→ PROBLEM DETAILS
Work out how many lines in the entries below include the word "استاندار". Give nothing but the number.

→ AVAILABLE DATA
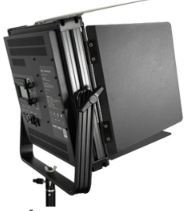
penta Ultra 120
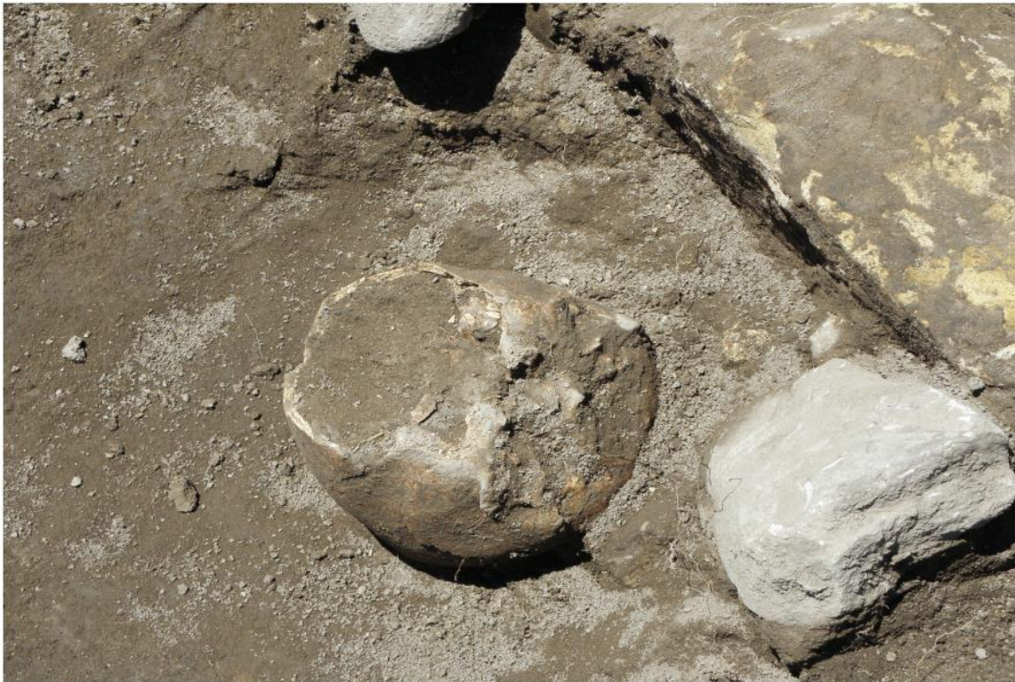
Slika 11. Ostaci dječje lubanje na lokalitetu Zemunik Donji (B.Marijanović, K.Horvat, 2016., 54.)
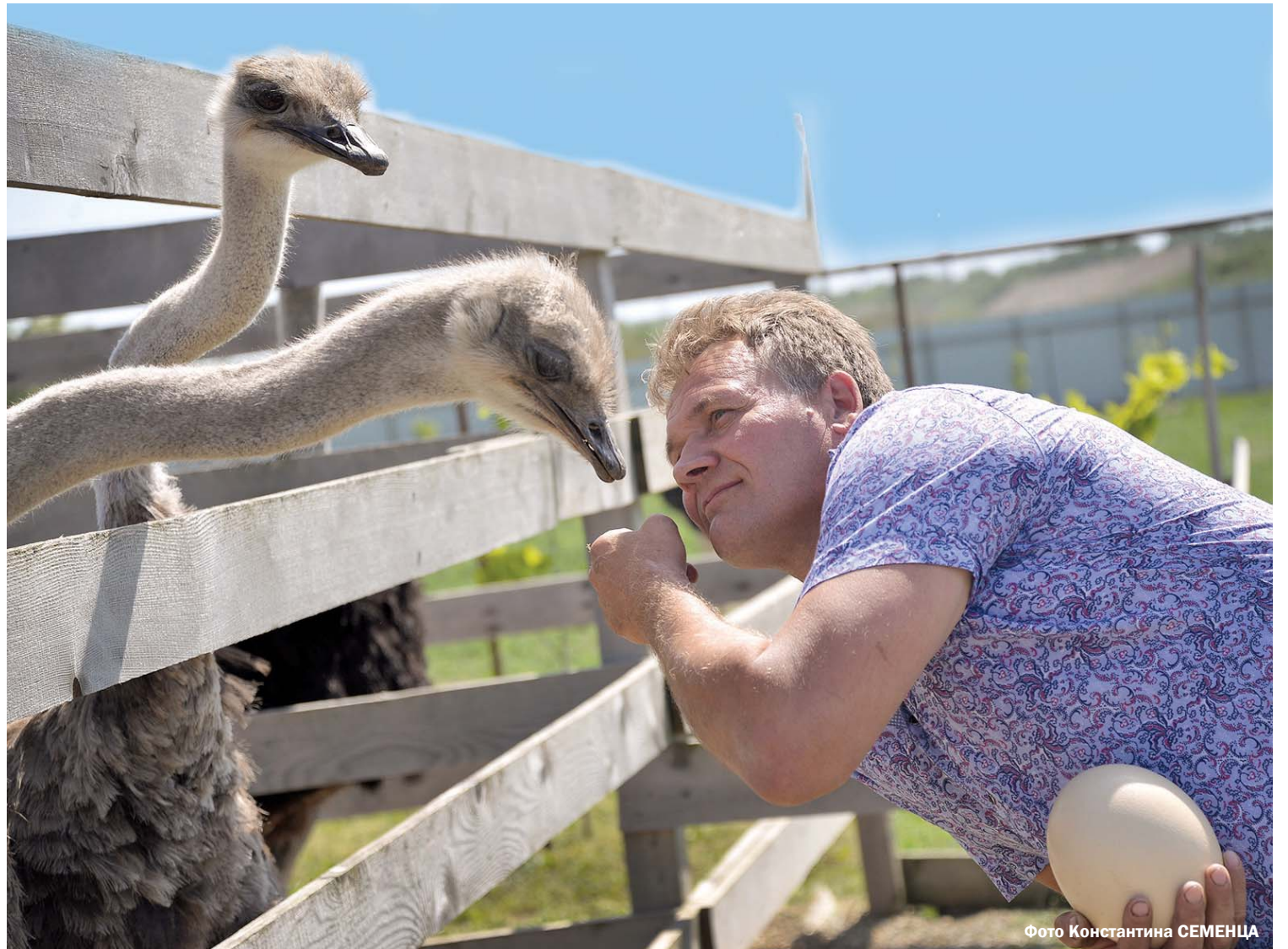
Фото Константина СЕМЕНЦА

Пресс-служба администрации Краснодарского края
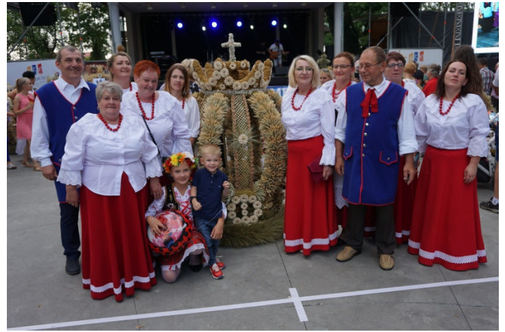
Najpiękniejszy wieniec przyjechał z Retkowa
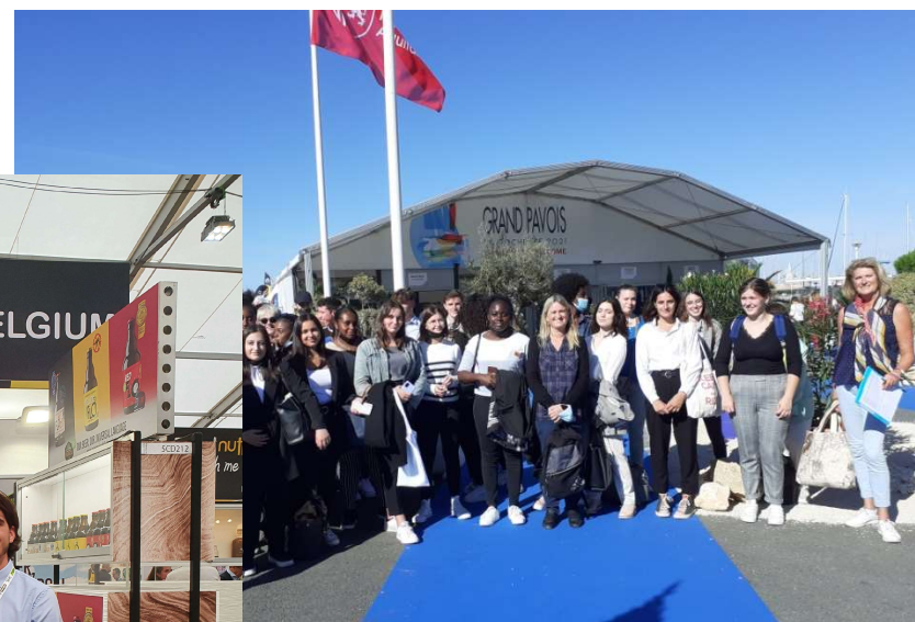
Le grand pavois
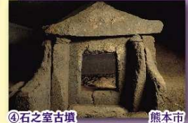
④石之室古墳 熊本市 熊本地盤からの復旧状況を説明します。石室内には入れません。
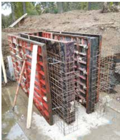
Revitalizace rybníka Splavěcí
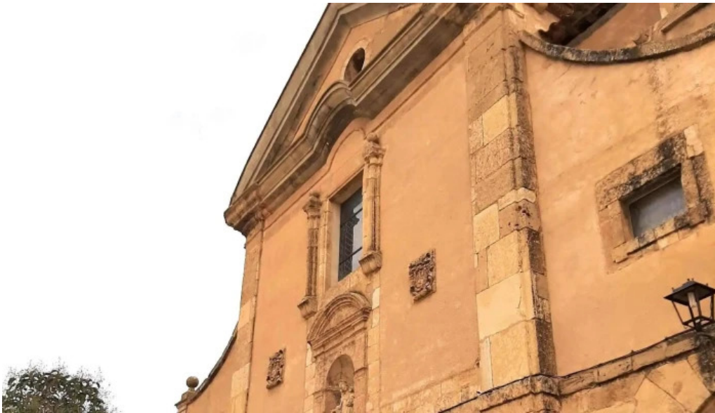
Iglesia del carmen virgen de las nieves fotos
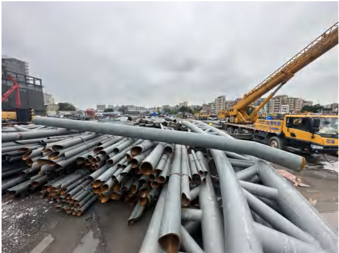
图 16 工程用地北部地表现状（北-南）
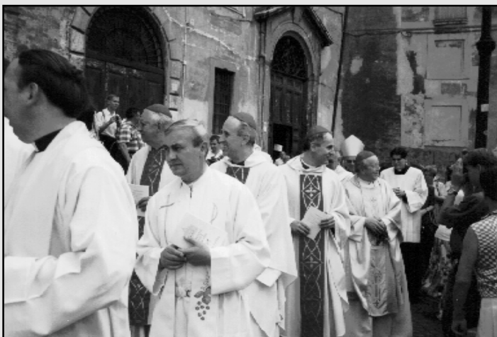
Naši biskupové ve slavnostním průvodu spolu s poutníky

(Těmito slovy přivítal otec biskup Josef Hrdlička římské poutníky na začátku mše svaté.)
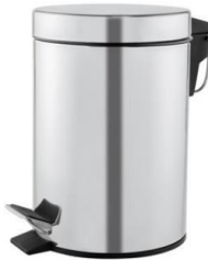
PP1303C/PP1305C/PP1312C/ PP1321C Glänzend
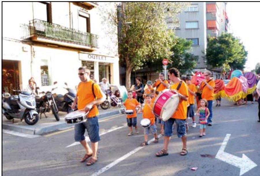
La colla de timbals i grallers del Pompeu Fabra, seguida per la Cucafera.
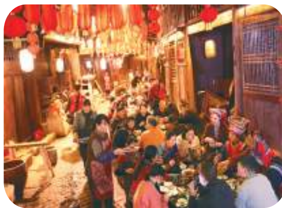
图为春节临近，湖南省永州市江永县民俗文化街年味渐浓，人们在文化街品味油茶宴。
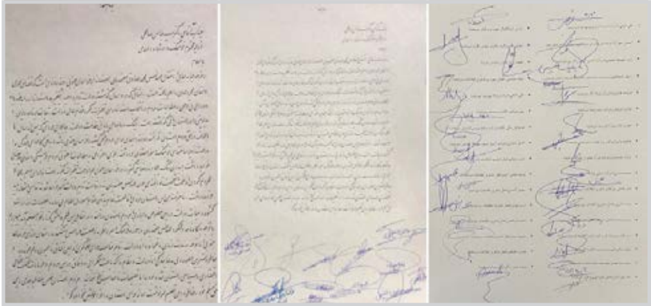
طومارهای مردم خراسان جنوبی برای ماندن استاندار به مقامات کشور

جایی فردی که پس از سال‌ها اجحاف در حق مردم استان، توانسته روزنه امیدی برای مردم سختی کشیده خراسان جنوبی باشد جز طومار های امضا شده متعددی به مسئولان کشوری از رئیس جمهور گرفته تا وزرای کابینه دولت، رسید. تلوم‌سکانداری معتمدیان برای ادامه ریل گذاری ها در استان به سمت توسعه و درخواست توجه دولت و مقامات به این مطالبه خراسان جنوبی با توجه به اهمیت استراتژیک این استان در سطح ملی، از دلایل مردم، شخصیت ها و گروه های خراسان جنوبی برای تکرار پیایی این مطالبه، نامه با امضاء ده‌ها تن از مردم استان برای رئیس جمهور ارسال شده. جملات این نامه خواسته ای روشن از رئیس دولت دارد: «جناب آقای دکتر حسن روحانی، ریاست محترم جمهوری با سلام؛ زمزمه جابه جایی و انتقال مهندس محمد صادق معتمدیان استاندار خراسان جنوبی، چند روزی است که فضای عمومی استان محرومان را بهم ریخته است. استانی که در ۷ سال گذشته دولت حضرت تعالی تغییر جهت تغییرات مکرر استانداران و هم به لحاظ محروم کردن از نعمت شخصیت توانمندی چون مهندس معتمدیان نه در قامت تدبیر دولت تفسیر خواهد شد. نه تناسبی با شمار امید خواهد داشت. ما شهروندان این استان مرزی
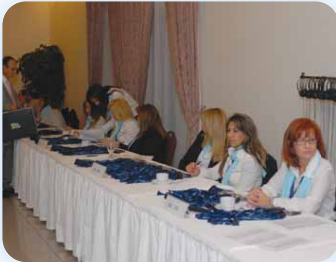
Στιγμιότυπο από τη διάρκεια της εγγραφής των Συνέδρων
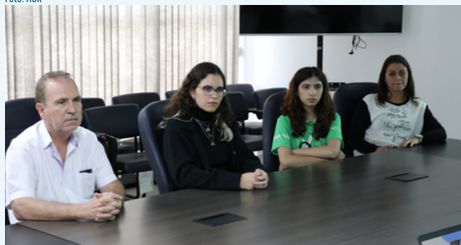
Momento possibilita apresentação dos recém-chegados
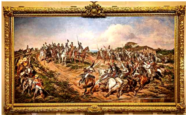
Independência ou Morte, de Pedro Américo (1888)
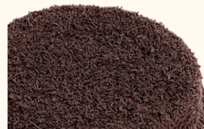
Tarta de chocolate brigadeiro
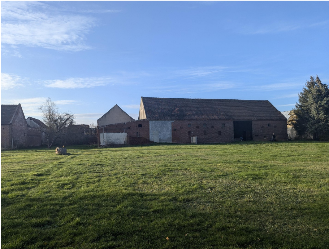
Scheune vom Garten
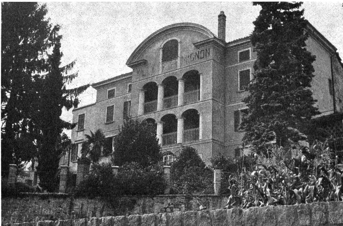
Ist es nicht ein stolzes Haus?
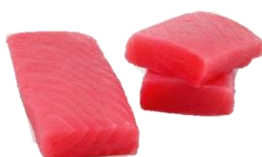
Túnfiskur YF. Saku fyrir Nigiri.
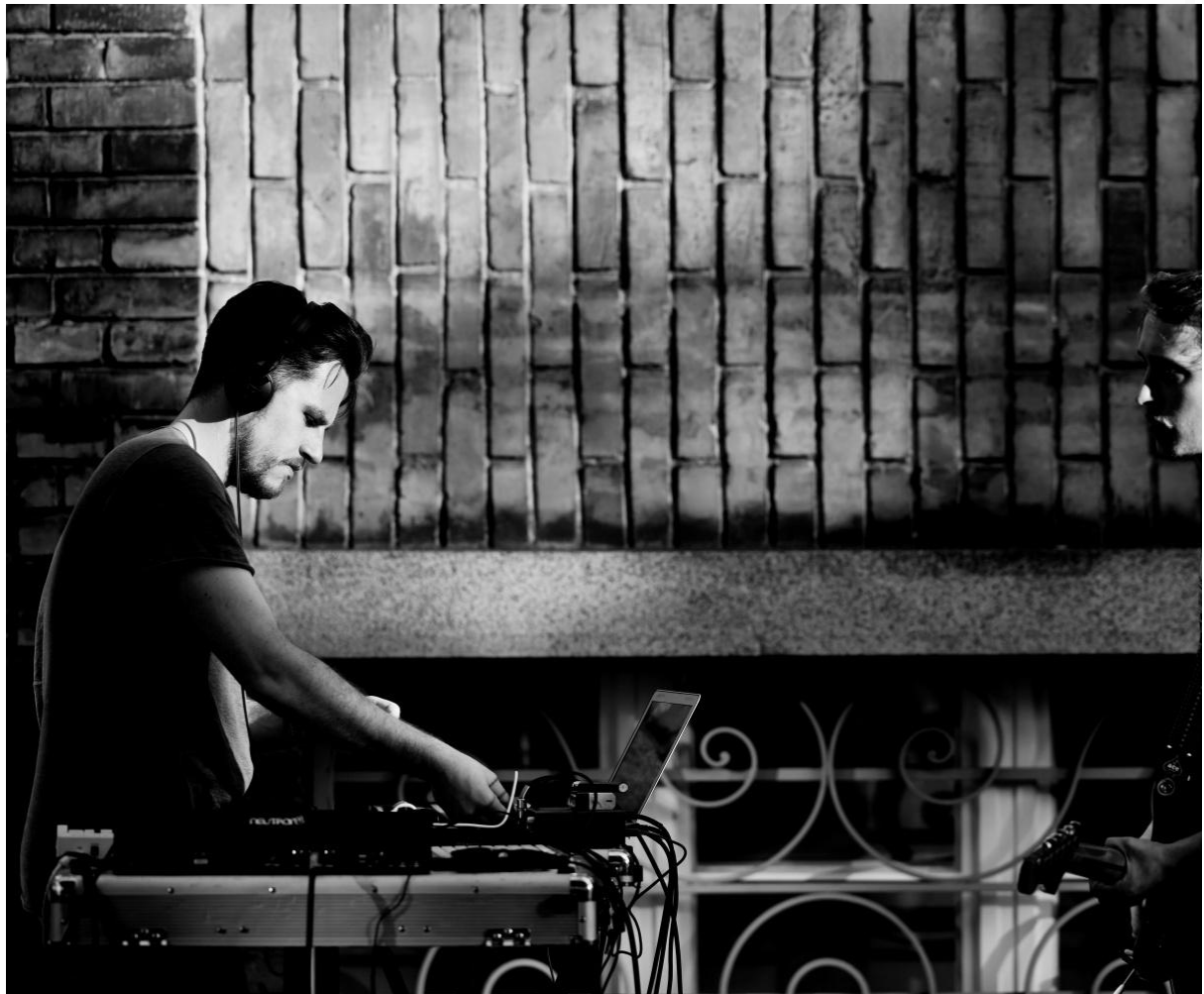
Léto plné hudby 2020

→ SOLUTION FOR THIS EXERCISE
2